Alcohol and Cigarette Ads

November 9, 2014; Columbia Spectator

Following one Massachusetts town’s crusade to ban the sale of any tobacco or nicotine product, a nonprofit in Harlem, New York, is investigating the impact that alcohol and tobacco ads can have on a younger audience.

Substance Abuse Free Environment (SAFE) has launched the “Photovoice” project in conjunction with students at local college New York Institute of Technology as the first phase in part of a 10-year-long effort to ultimately reduce substance abuse in Harlem.

For this first phase of the project, ending in mid-December, six students from NYIT students will take pictures of alcohol and tobacco ads between Broadway and Fifth Avenue. At the conclusion of the phase, the students will compile their photographs and present SAFE coalition members with a final report.

The findings of the project will help the nonprofit better understand how and whether teenagers and younger children take in and engage with the information provided on these ads. Along with the results of the project, a survey will also be administered later this year to a high school in Harlem in order to create a substance abuse prevention curriculum which schools that are part of SAFE’s network can adopt.

“Based on this information we are going to be able to, first, get a sense of the accessibility of alcohol in the Harlem community and, second, look at how that information is portrayed to young people,” said Asari Offiong, a prevention specialist at the Children’s Aid Society and the director of the project. “What do the ads say? Who are they appealing to? Are they engaging?”

SAFE’s network includes 12 organizations and agencies, including Mount Sinai Hospital, Harlem Hospital, and Children’s Aid Society, among others. For the project, the nonprofit will be applying for a 10-year grant amount to $125,000 from the Drug Free Communities Support program of the Office of National Drug Control Policy. The grant would also need to be matched with SAFE fundraising on its own.

“Harlem Hospital and Mount Sinai and Phoenix House are the treatment side of it. First Corinthians serves as the spiritual side,” said Offiong. “We really wanted to have all of these various components come together through these entities in order to attain our goal.”

After compiling and interpreting the information from the project and survey, SAFE will then assess what steps may need to be taken to curb the effects of the images, such as asking store owners to rearrange their alcohol displays out of the view of younger customers or find new locations for the sale of tobacco products. (The placement of cigarettes behind the counter as a safety measure at variety stores like Walgreens may in fact be encouraging their purchase.)
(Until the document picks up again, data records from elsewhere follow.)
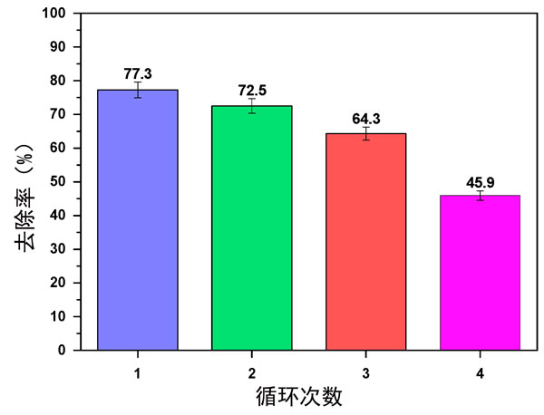 通過回收研究調(diào)查了改性活性炭的再利用以從廢水中去除活性黑5。進(jìn)行實(shí)驗(yàn)時(shí),最初使用100mg/L活性黑5和0.8g/L的改性活性炭,pH值為2。在第一個(gè)循環(huán)之后,使用0.01M/NaOH溶液對(duì)所使用的改性活性炭顆粒進(jìn)行處理大約2小時(shí)。此后,用蒸餾水沖洗顆粒以除去任何殘留的堿。選擇被認(rèn)為可接受的重復(fù)時(shí)間,以便能夠在后續(xù)循環(huán)中重復(fù)使用吸附劑。研究結(jié)果如圖3所示。在用1M/NaOH處理成功再生后,解吸的改性活性炭能夠重復(fù)使用多達(dá)四個(gè)循環(huán)以去除活性黑5;钚院5的去除百分比在第一個(gè)循環(huán)中約為77.3%,在第四個(gè)循環(huán)后下降至約45.9%。總的來說,這項(xiàng)研究證明了將改性活性炭吸附劑重復(fù)使用四個(gè)循環(huán)以從廢水中去除活性黑5的潛力。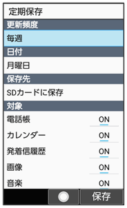 本体の電話帳データ/カレンダーデータ/発着信履歴データ/画像データ/音楽データ/動画データを、サーバー/SDカードなどに定期的に自動で保存します。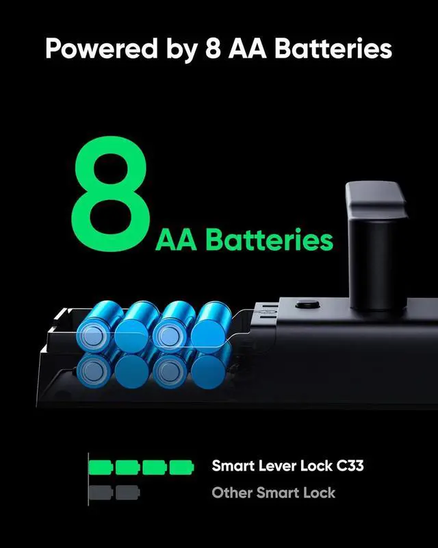 Powered by 8 AA Batteries: Provide reliable and consistent power to operate the lock and its electronic components.

SAFE’s campaign comes at a time when states and stores are taking measures to stop the sale of tobacco products. However, many question, as they do as Westminster, Mass., contemplates a tobacco ban, whether it will prevent or encourage any smoker to quit. When CVS Caremark took cigarettes off their shelves in September, they did so because they believed selling tobacco products contradicted their healthcare mission. It also sent a powerful message to their customers. Once CVS stopped selling tobacco products, they also began offering programs for patrons to quit smoking.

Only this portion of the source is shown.